In spite of  the numerous times I've HAD fava beans at restaurants, and as much as I love 'em, La Diva has only made them with this particular recipe.  As fleeting as Charlie Sheen's attention span after a huge line of Tina, fava beans seem to come and go so quickly in a season that I usually only get around to making them only a few times a year.  Oh yeah, and  also because the little bastards are pretty labor intensive to prepare too!


Fava and Green Bean Salad with New Red Potatoes 





Fava beans are big.  These pods are a good half a foot long (and grow even bigger) and most likely what Jack was growing when he had his troubles with The Giant.   The actual bean is inside the pod and needs to be removed.  La Diva finds it easiest to nip off the end of each pod with her nail,  pull and peel back the fibrous string along the top and then split the pods open.

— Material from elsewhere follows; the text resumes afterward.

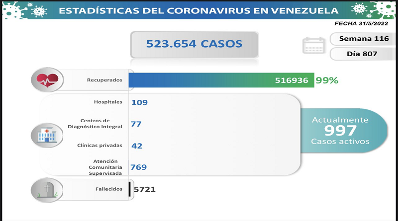 Un total de 28 casos de contagios de la COVID-19 por transmisión comunitaria y un caso importado, fueron detectados en las últimas 24 horas, elevando a 523 mil 654 el acumulado confirmado, 997 casos activos, mientras que la cifra de recuperados se ubica en 516 mil 936 pacientes sanados, gracias a los tratamientos gratuitos que garantiza el Gobierno Bolivariano.

You'll usually get between three to five beans per pod of varying sizes.  Remove the pale beans and once you've finished all of them (finally!), boil  them in a pan of salted water until just tender, for only a few minutes.  Strain and let cool while you prep the potatoes and beans.

Take a pound of scrubbed, unpeeled organic, new red potatoes and quarter them.  Trim and halve a half pound of washed green beans.  In order to make less clean up work, La Diva uses a pot with a fitted steamer with the potatoes boiling in the bottom, while steaming the green beans on top.   Boil the potatoes until just tender, about 10 minutes and the beans will probably take half of that time if they are really fresh.  

Strain the potatoes and put into a large bowl, then add a generous drizzle of a fruity extra virgin olive oil and kosher salt and allow the Italian salty goodness to soak into the hot spuds.  Remove the green beans from the steamer and allow to cool.



 The raw fava beans on the left look like large lima beans and cooking them helps to loosen the waxy, outside coat, which needs to be removed.  This is the labor intensive part, these suckers need to be shelled twice.  

It's easiest to remove the outer skin of the fava bean by pinching a bit of the skin away and gently squeezing to remove the slippery bean inside.  You can leave them whole or split them in half again.  Add to the salad with the green beans.



 I doused the lot with more extra virgin olive oil, mixed gently and salted again.  Now add minced shallots and a good handful of fresh mint chiffonade.  Carefully toss to blend the ingredients and check for taste.  Adjust seasonings if needed and serve slightly warm.



RESULT:  Well, now, ain't that just the prettiest salad?!   Actually, I initially looked up this recipe as a way to use purple potatoes but only found them  at the store once!   Learning to make and enjoy fresh fava beans was an unintended perk.   Imagine the purple potatoes with the lime green fava beans?!  Gorgeous!

The fava beans buttery texture complements the warm and tender new potatoes while the green beans add another textural element.  The shallots offer an unassuming, mellower -than-onion flavor, and the mint is actually quite subtlety enhancing.  A good quality olive oil is important, as it is the main flavor component bringing all the ingredients together. 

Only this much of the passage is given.